Wie die Jazzszene die Stadt eroberte
Der Musikstil ist in Heiligenhaus eng verknüpft mit einem Namen: Manfred Thum. Der 2011 verstorbene Musiker und Gastronom holte Kenner und Könner in die Stadt. Daraus wurde schnell noch mehr.
HEILIGENHAUS Seit einem Jahr wird nebenan die Kirche St. Suitbertus gebaut und Heiligenhaus ist gerade selbstständige Landgemeinde geworden, als Julius Küppersbusch an der Hauptstraße 134 den „Gasthof zum Deutschen Haus“eröffnet. Es ist das Jahr 1897.
Nach Küppersbuschs Tod übernimmt erst seine Witwe den Gasthof und im Jahr 1919 sein Schwiegersohn Karl Thum. Zum Ort vieler Familien- und Karnevalsfeiern wird der große Saal im ersten Stock. Auch Chöre proben hier. Und in all dem wächst der Sohn der Familie auf: Manfred. Er wird selbst Koch und übernimmt das in der Familientradition geführte Haus im Jahr 1960. Mit ihm brach damals auch eine besondere Zeit an: Der Jazz und Blues halten Einzug in Heiligenhaus. Denn Manfred „Manni“Thum war leidenschaftlicher Pianist und Musikkenner, Gastronom und Koch, in beiden Bereichen mit erlesenem Geschmack – und damit eines der wohl bekanntesten Heiligenhauser Urgesteine.
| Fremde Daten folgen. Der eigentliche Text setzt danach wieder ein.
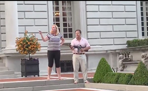 Things aren't going so well on the private street where Mark and Patricia McCloskey live. The gun-toting St. Louis, Missouri, couple were charged this summer with unlawful waving of a penis substitute, and although Republican Gov. Mike Parson promises to pardon the McCloskeys if they're convicted, most people still think they suck.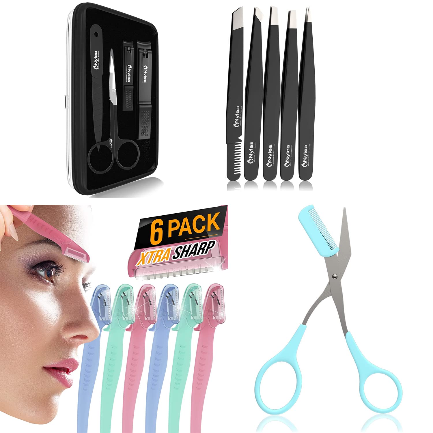 Trimmer with Razors and Professional Tweezers Set and Nail Clippers and 6 pack Eyebrow Razor

In seinem Gasthaus, dem „Thum“verband er all diese Leidenschaften auf eine ganz eigene, für viele Zeitzeugen damals unvergessliche Weise. So war er am Klavier war in seinem Element und zog die Gäste als Alleinunterhalter an, so dass sich Mitte der 60er Jahre aus seinem Lokal heraus eine Kneipenkultur
in der Stadt prägte. Besonders angetan hatte es ihm der Jazz. Diese ganz eigene Musikform, die für echte Könner ein wahrer Spielplatz sein kann. Und er gehörte zu ihnen, den Könnern. Die ersten Einladungen nach Heiligenhaus erhielten Jazzmusiker aus Polen, es folgten Jazzer aus der deutschen Musiklandschaft
und aus dem Mutterland, den USA - die Kneipe wird zum wahren Geheimtipp der bundesweiten Szene und sogar darüber hinaus. Ihr ganz eigenes Markenzeichen: Der Wirt am Flügel, der – dem Jazz ganz eigenen Wechselspiel – in der Improvisation locker mithalten konnte. Der Folkwang-Professor Felix
Michael Deichmann sprach von ihm sogar als „genialem Musiker“, der lediglich nach dem Gehör Klassik und Unterhaltung auf dem Klavier intonieren und auch improvisieren konnte. Bis in die 90er Jahre hinein, war hier eine lebendige Gastronomie-Szene mit Livemusik erwachsen. Einige Jahre lockte das Projekt Jazz in Heiligenhauser Lokalen, verbunden mit einem Bus, der die Besucher von Veranstaltung zu Veranstaltung fuhr. Schwer beliebt bei den Besuchern, die in Scharen in die Kneipen strömten. Dann jedoch wurde es ruhiger. Thum vermietet sein Haus 1988, kochte aber trotzdem noch für fast 20 Jahre für kleinere und größere städtische Feste weiter, wie auch für die Besucher der Partnerstädte. In seinen letzten Lebensjahren wurde es ruhiger um ihn. Eine besondere Freude bereitete ihm noch einmal der Kauf des Hauses durch Anja ten Eicken. Die Wiedereröffnung einer Gastronomie in den Räumen, dem „Thums“hat er aber nicht mehr miterleben können. Manfred „Manni“Thum starb 2011 im Alter von 83 Jahren.